JESI, 23 giugno 2019 –  Enrico Fulgenzi torna sul gradino più alto del podio nella gara di Imola della Porsche Carrera Cup davanti a Bertonelli, nuovo leader della classifica generale, e Conwright giunto terzo. 

Fulgenzi si è aggiudicato la seconda corsa del weekend dopo essere scattato dalla pole position sulla 911 GT3 Cup di Tsunami RT – Centro Porsche Latina e ha festeggiato un successo dopo oltre due anni. 

Il prossimo appuntamento è in programma al Mugello il 19-21 luglio. 

Fulgenzi sulla sua pagina facebook ha scritto: “Quella di oggi è una grande vittoria, conquistata esattamente nel modo in cui avrei voluto centrare il mio primo successo del 2019: partendo dalla Pole Position, rimanendo in testa dall’inizio alla fine e imponendo il mio ritmo per tutta la gara. Questo successo è il frutto del duro lavoro profuso negli ultimi mesi. Le persone fanno la differenza: talento, capacità, perseveranza, sono gli ingredienti e così i risultati, le soddisfazioni ed i successi non tardano ad arrivare. Nelle scorse gare la sfortuna per me ha avuto un occhio di riguardo, ma questa corsa può rappresentare una svolta: ora sono ancor più consapevole di poter lottare per la vittoria in ogni gara, quindi in tutte i restanti appuntamenti punterò deciso al gradino più alto del podio. Ringrazio tutte le persone che mi sono vicine e mi supportano: il team @tsunami_rt , il mio staff, i miei sponsor, i miei amici e la mia famiglia”.




PORSCHE CARRERA CUP / POLE POSITION PER ENRICO FULGENZI, POI UN AVVERSARIO LO METTE KO

JESI, 8 aprile 2019 – Era iniziato nel migliore dei modi con la pole position arrivata puntualmente alla prima prova a Monza della Porsche Carrera Cup Italia.
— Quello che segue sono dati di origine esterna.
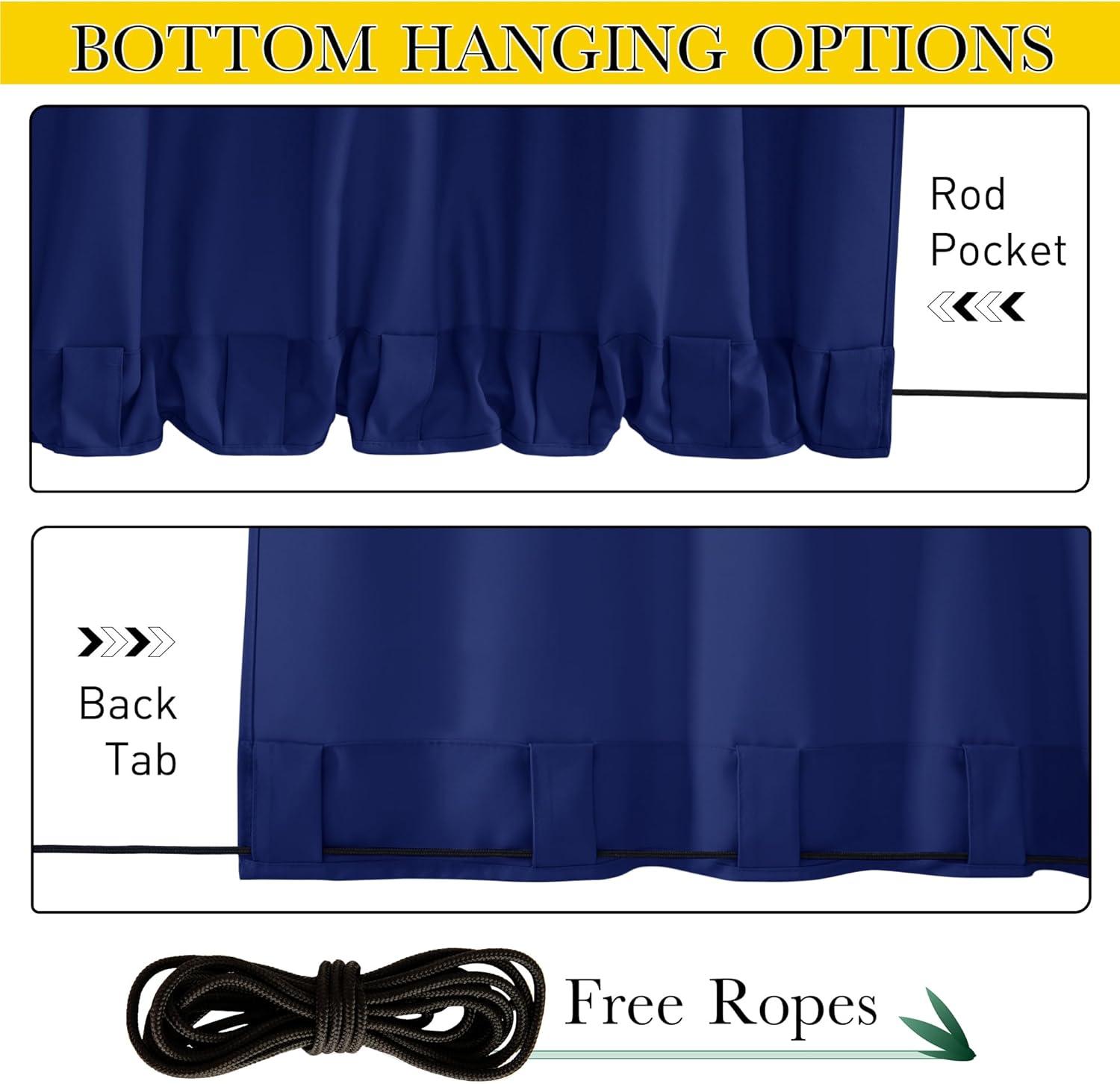 Ready-Made: The package includes 2 panels of weighted blackout cabana curtains and a piece of rope for fixing. The Rustproof grommets & Back Tab at the top and bottom fit standard rods up to 1.6″ in diameter.
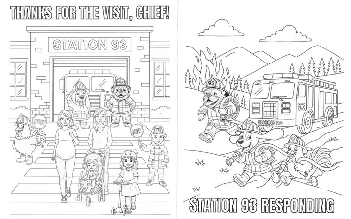 Tovar based the scenes in the coloring book on common facets of firehouse life that she recalled her father talking about, such as relaxing in the Station 93 recreation room, washing the fire engines, putting out the grass fires that were common when Oakley was less dense, holding the Firefighter’s (formerly Fireman’s) Ball, and cooking dinners, which she said the firefighters were exceptionally skilled at. One especially emotional scene for Tovar was the firehouse’s Christmas run.
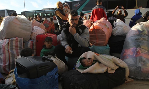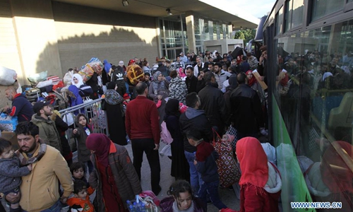 Syrian refugees wait to go on a return trip to their homeland from Lebanon's northern city Tripoli on Dec. 3, 2019. Another group of Syrian refugees returned to their homeland from Tripoli with the help of the Lebanese General Security on Tuesday. (Photo by Khalid/Xinhua)
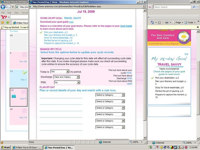 You can also plan and jot down your activities for the day, your mood and your gynecological status for the day.
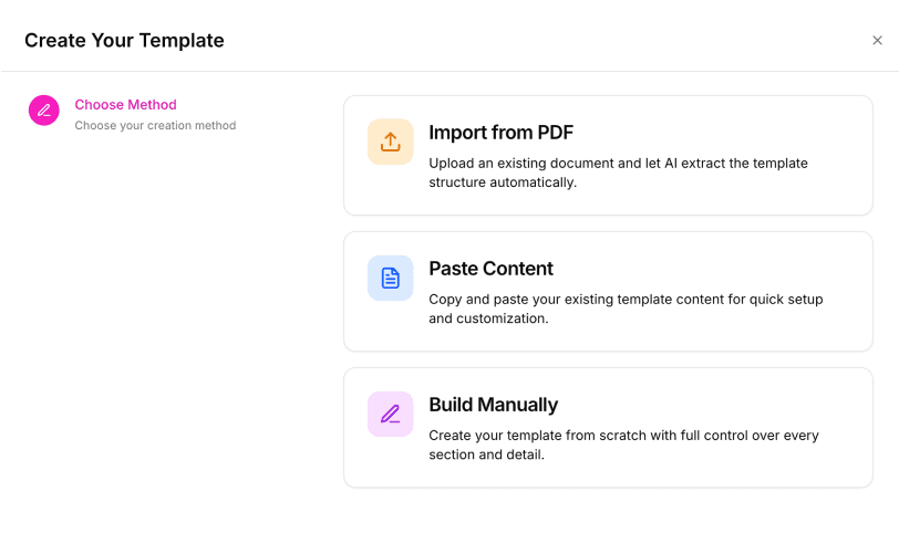 - You can add a new template manually, by pasting in text, or uploading a PDF.
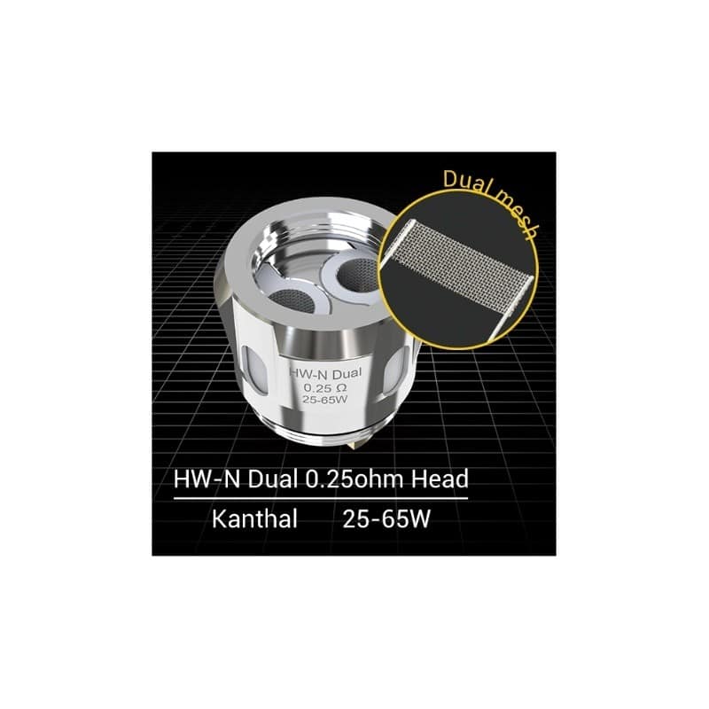 HW-N- Resistencia construida en Kanthal de 0.25 ohm estilo malla que brinda un sabor excepcional y gran producción de vapor y vida extendida capaz de trabajar en potencia alta entre 25 y 65 watts.
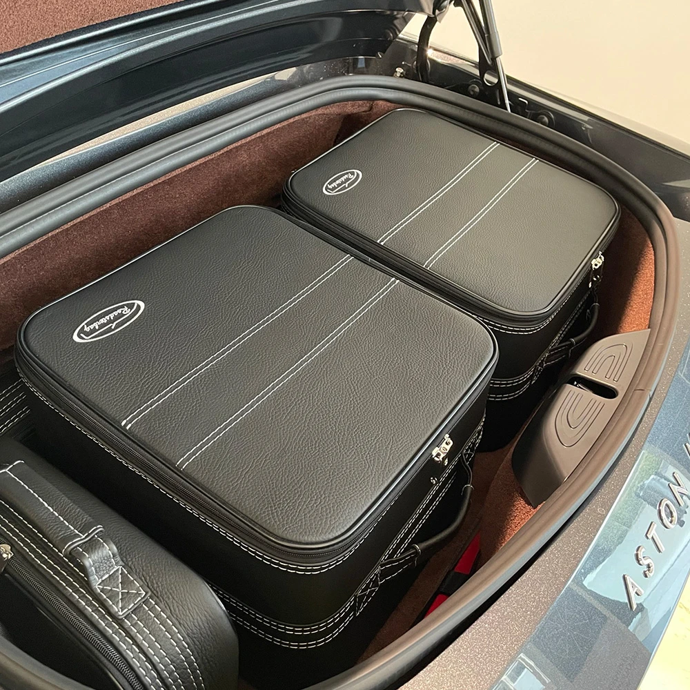 Das 4-teilige Kofferset aus italienischem Leder ist optisch und in der Größe hervorragend auf den Kofferraum des Modells Aston Martin Vantage Roadster abgestimmt. Zwei große Koffer und zwei kleinere Koffer lassen sich zentimetergenau in Ihrem Wagen unterbringen und nutzen so den vorhandenen Stauraum optimal aus. Der Leichtbau-Rahmen der Koffer sorgt für Stabilität und leichte Handhabung. Das feine Innenfutter aus Ancarra®-Mikrofaser verleiht dem Set eine edle Optik.
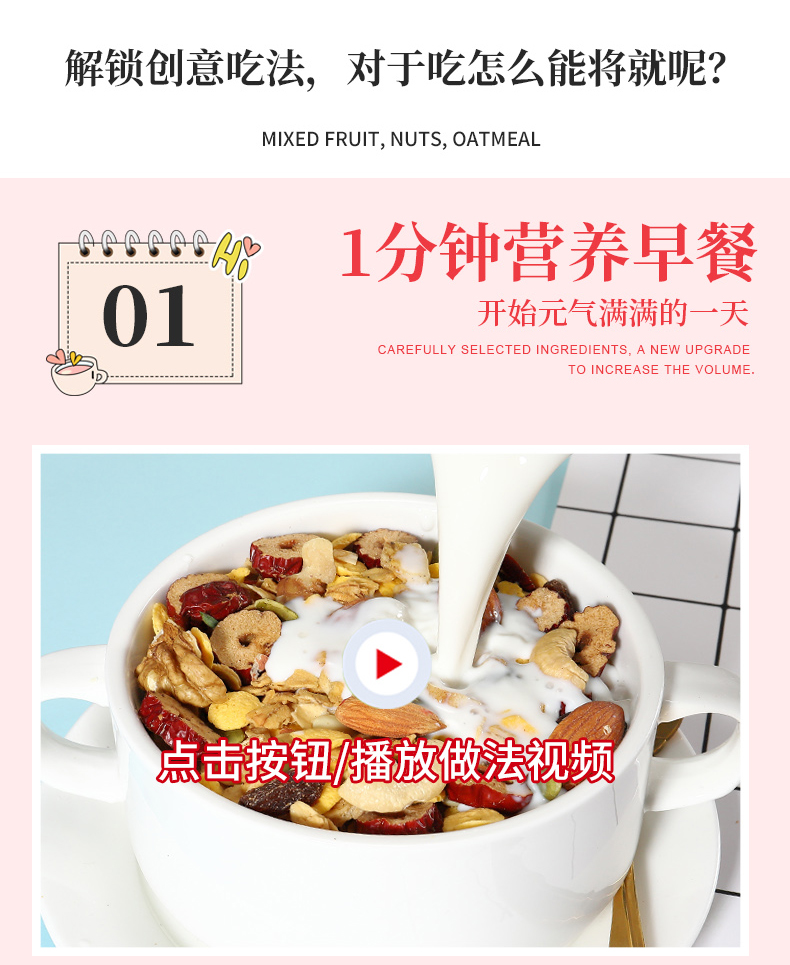 【精选上好7种水果+4种谷物】综合水果燕麦片,科学黄金配比,搭配各种水果坚果混合,蕴含丰富膳食纤维,口感丰富,不含反式脂肪酸,营养美味又健康。早餐一大杯,活力一整天【赠运费险】
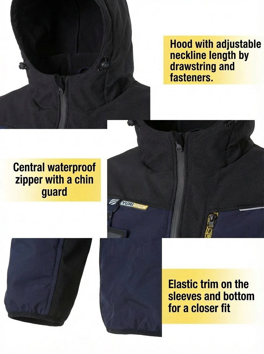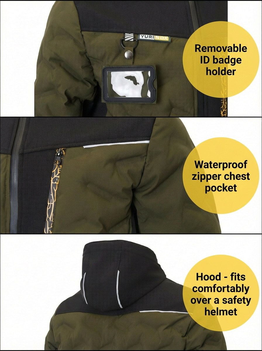 Adjustable helmet-compatible hood, Waterproof zippers, Removable ID badge holder, Multi-Pocket Design, Elastic cuffs and hem
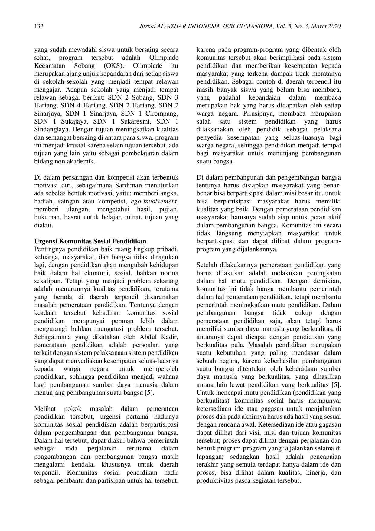 JURNAL Al-AZHAR INDONESIA SERI HUMANIORAJURNAL Al-AZHAR INDONESIA SERI HUMANIORAPendidikan adalah sebuah proses manusia baik individu atau masyarakat untuk menuju kehidupan yang ideal dan lebih baik. Pendidikan yang akan mengubah menuju ke arah yang lebih baik adalah pendidikan yang kualitasnya baik pula. Namun, melihat realitas sekarang, kualitas pendidikan di Indonesia masih rendah apalagi dalam hal pemerataan pendidikan, di antaranya: fasilitas, akses, dan tenaga pengajar yang akan berimplikasi pada proses belajar dan hasil belajar. Keadaan tersebut salah satunya gambaran pendidikan yang ada di daerah terpencil. Dengan demikian, penelitian ini akan berfokus pada masalah pemerataan pendidikan di daerah terpencil dengan cara mengoptimalkan komunitas sobat mengajar sebagai gerakan sosial pendidikan. Komunitas ini bergerak di daerah-daerah terpencil khususnya di Kabupaten Lebak, Provinsi Banten, kajian awal mencari data keadaan pendidikan di daerah tersebut dengan cara membaca literature dan wawancara langsung kepada relawan sobat mengajar kemudian hasilnya dideskripsikan, dengan demikian penelitian ini menggunakan metode deskriptif kualitatif. Untuk mengatasi tidak meratanya pendidikan di Indonesia ada beberapa langkah yang harus dilakukan: pertama, mengoptimalkan gerakan sosial pendidikan. Kedua, melakukan program yang mengedukasi masyarakat. Ketiga, harus melibatkan masyarakat dalam semua program.
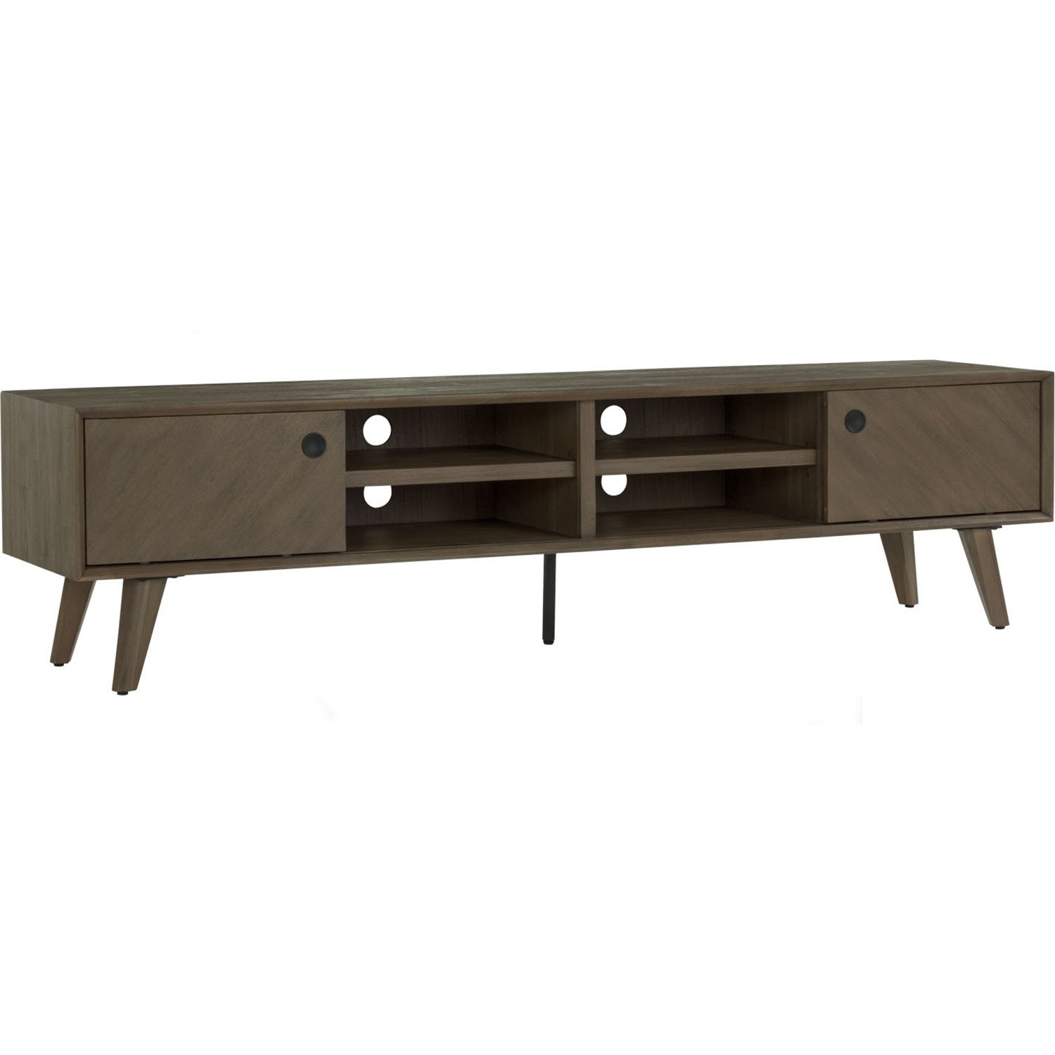 Torrell 2.0M TV Cabinet in Woodline Mocha colour. The Torrell 2.0M TV Cabinet reflects Contemporary design, offering sleek proportions and a sophisticated finish. Built with durable Malaysian Oak legs and an MDF body wrapped in acacia veneer, it showcases the natural beauty of Woodline Mocha tones. Its elongated structure provides ample storage space, keeping living rooms tidy and functional. The smooth veneer surface highlights its premium craftsmanship while ensuring durability for everyday use. Versatile enough to complement both modern and transitional interiors, the Torrell Cabinet combines elegance with practicality, making it a refined centerpiece for sophisticated homes.
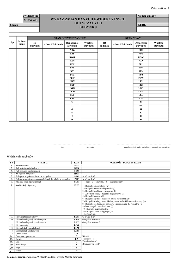 Załącznik nr 2 Jednostka ewidencyjna 246901_1 Numer zmiany WYKAZ ZMIAN DANYCH EWIDENCYJNYCH DOTYCZĄCYCH BUDYNKU M. Katowice Obręb STAN DOTYCHCZASOWY Lp. Arkusz mapy ID budynku Adres / Położenie Oznaczenie atrybutu KERG STAN NOWY Wartość atrybutu ID budynku Adres / Położenie NDZ Oznaczenie atrybutu NDZ RBB RBB ROM ROM RZN RZN PEU PEU PPP PPP SCN SCN FUZ FUZ PEW LKN PEW LKN LKP LGG LKP LGG LLM LLM LLU LLU CW CW C C DZ DZ G G K K E E W W ---------------- ------------------- data pieczątka ------------------------------------------czytelny podpis osoby posiadającej uprawnienia zawodowe Wyjaśnienia atrybutów : Lp. 1. 2. 3. 4. 5. 6. 7. 8. 9. 10. 11. 12. 13. 14. 15. 16. 17. 18. 19. 20. 21. Wartość atrybutu ATRYBUT Numer działki Rok zakończenia budowy Rok ostatniej modernizacji Nr rejestru zabytków Pole pow. użytkowej lokali w budynku Pole pow. pomieszczeń przynależnych do lokalu w budynku Materiał ścian zewnętrznych KOD NDZ RBB ROM RZN PEU PPP SCN Kod funkcji użytkowej FUZ Powierzchnia zabudowy Liczba kondygnacji nadziemnych Liczba kondygnacji podziemnych Liczba garaży Liczba lokali mieszkalnych Liczba lokali użytkowych Ciepła woda Centralne ogrzewanie Dźwig Gaz Kanalizacja Prąd Woda PEW LKN LKP LGG LLM LLU CW C DZ G K E W Pola zacieniowane wypełnia Wydział Geodezji Urzędu Miasta Katowice WARTOŚCI DOPUSZCZALNE w m², do 1 m² w m², do 1 m² 1 - mur, 2 - drewno, 3 - inne materiały 1 - Budynki przemysłowe ( p) 2 - Budynki transportu i łączności (t) 3 - Budynki handlowo – usługowe (h) 4 - Zbiorniki, silosy i budynki magazynowe (s) 5 - Budynki biurowe (b) 6 - Budynki szpitali i zakładów opieki medycznej (z) 7 - Budynki oświaty, nauki i kultury oraz budynki kultury fizycznej (k) 8 - Budynki produkcyjne, usługowe i gospodarcze dla rolnictwa (g) 9 - Inne budynki niemieszkalne (i) 10 - Budynki mieszkalne (m) 14 - Budynki kultu religijnego (k) 15 - Garaże (t) w m², do 1 m² domyślna wartość 1 domyślna wartość 0 Nie - 0 Tak (sieć) - 1 Tak (lokalna) - 2 Brak danych - „bd”

Semaforo verde parte gara 1: Enrico Fulgenzi rimane in testa per un paio di giri, poi per una sbavatura e le gomme non ancora nella temperatura ottimale, perde la posizione a favore di Bertonelli e Conwright fino a quando non avviene il fattaccio: Tommaso Mosca, quarto dietro a Fulgenzi, propone una staccata impossibile che termina con la Porsche del Dobermann centrata in pieno e la ruota posteriore sinistra ko. Uno spiacevole episodio che metteva fine alla possibilità di un bel risultato per Fulgenzi nel weekend monzese sia per gara 1, sia per gara 2 dove per effetto della griglia di partenza derivata dall’ordine di arrivo della prima gara il pilota di Jesi doveva scattare ultimo in griglia.

Enrico Fulgenzi, i suoi fans e il team tornano cosi a casa con un bottino magro, molto più di quello che era il potenziale, ma con la consapevolezza di avere in mano un “pacchetto” team-pilota in grado di giocarsi qualsiasi risultato possibile.

Prossima tappa della Porsche Carrera Cup Italia (e pronto riscatto) al Misano World Circuit Marco Simoncelli il 17-18-19 Maggio.